Na economia rural, a tosquia é retratada como ocasião típica de banquete, porque concentra trabalhadores, excedente e exibição de prosperidade: 1 Samuel apresenta Nabal “em Carmelo, e tinha ali tosquiadores” (1Sm 25:2 ACF), e a própria tradição de “tosquia → banquete” é explicitada como costume, ao lado do desmame e do casamento. A mesma sequência narrativa registra a passagem de “trabalho e colheita” para “mesa e vinho” quando descreve a refeição como banquete régio: “tinha Nabal em sua casa um banquete, como o banquete dum rei” (1Sm 25:36 ACF), deixando claro que, na cultura do texto, banquete pode ser linguagem de pretensão social, imitação de corte e performance de status.
Nos ambientes cortesãos, o banquete funciona como instrumento político e dispositivo de revelação, porque organiza presença, acesso e timing: Ester convoca o rei e Hamã para “o banquete que lhes tenho preparado” (Et 5:4 ACF), e o narrador insiste na moldura do “banquete do vinho” (“no banquete do vinho”, Et 5:6 ACF), onde o hebraico nomeia explicitamente מִשְׁתֵּה הַיַּיִן mišteh hayyayin (banquete do vinho). A progressão (Et 5:4–6, 8, 12, 14; Et 7:1) encena o banquete como arquitetura de decisão: “então vieram o rei e Hamã para beber com a rainha Ester” (Et 7:1 ACF), e a formulação hebraica concentra o núcleo semântico no beber, וַיָּבֹא הַמֶּלֶךְ וְהָמָן לִשְׁתּוֹת vayyābōʾ hammelekh wəhāmān lišṭōt (vieram... para beber), com לִשְׁתּוֹת lišṭōt (beber). Em Daniel, a “casa do banquete” aparece como espaço de circulação de notícias e autoridade (“entrou a rainha na casa do banquete”; Dn 5:10 ACF), reforçando que banquete, em contexto de império, não é só convivialidade: é cenário institucional onde palavras “do rei e dos seus grandes” moldam o curso da história.

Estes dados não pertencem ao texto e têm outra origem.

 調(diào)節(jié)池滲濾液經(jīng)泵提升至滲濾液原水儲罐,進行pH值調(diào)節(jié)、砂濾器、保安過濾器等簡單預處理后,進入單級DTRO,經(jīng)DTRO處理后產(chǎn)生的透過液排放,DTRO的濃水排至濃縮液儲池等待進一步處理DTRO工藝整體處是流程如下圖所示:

Mesmo o cenário fúnebre pode carregar a marca do banquete como refeição comunitária, ainda que, como regra, a sobriedade seja esperada: a tradição registra que “ao funeral também se tomava refeição em comum” e adverte para o risco de transformar luto em indulgência, mantendo, porém, a expectativa de abstinência. Em 2 Samuel, a recusa de Davi em comer durante o luto explicita esse código: “todo o povo veio fazer com que Davi comesse pão... Porém Davi jurou... que não provaria pão” (2Sm 3:35 ACF), de modo que a mesa, ali, torna-se linguagem de fidelidade ao morto e de disciplina pública da dor.

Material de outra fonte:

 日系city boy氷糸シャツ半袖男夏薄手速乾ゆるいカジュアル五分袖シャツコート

III. Temporalidade, convite público e limiar de admissão
O banquete aparece, com frequência, como acontecimento associado ao “fim do dia” e, em certas ocasiões, como celebração prolongada por vários dias, funcionando como marca social de honra e transição coletiva (Jz 14:12), inclusive em ambientes onde a abundância de provisões — em especial de vinho — torna o evento propenso a desmedida e, por isso mesmo, alvo de censura ética e religiosa em tradições sapienciais e proféticas (Is 5:11; Ec 10:16). Essa moldura temporal e moral se deixa iluminar por vocabulário hebraico recorrente: יַיִן (yayin — “vinho”) e שֵׁכָר (šēkār — “bebida forte”) aparecem como sinais de abundância que podem transbordar em excesso (Is 5:11), ao lado de בֹּקֶר (bōqer — “manhã”) e נֶשֶׁף (nešep̄ — “crepúsculo”), que enquadram a crítica a um ciclo de busca por bebida desde cedo até o cair da tarde (Is 5:11). Em registros descritivos, o banquete inclui práticas de serviço do vinho em formas diversas (puro, ou combinado com água e especiarias) e pode ser acompanhado de música e dança, o que intensifica tanto o caráter festivo quanto o risco de excesso, sobretudo quando a refeição se estende (Is 5:12; Am 6:5; Sir 32:1).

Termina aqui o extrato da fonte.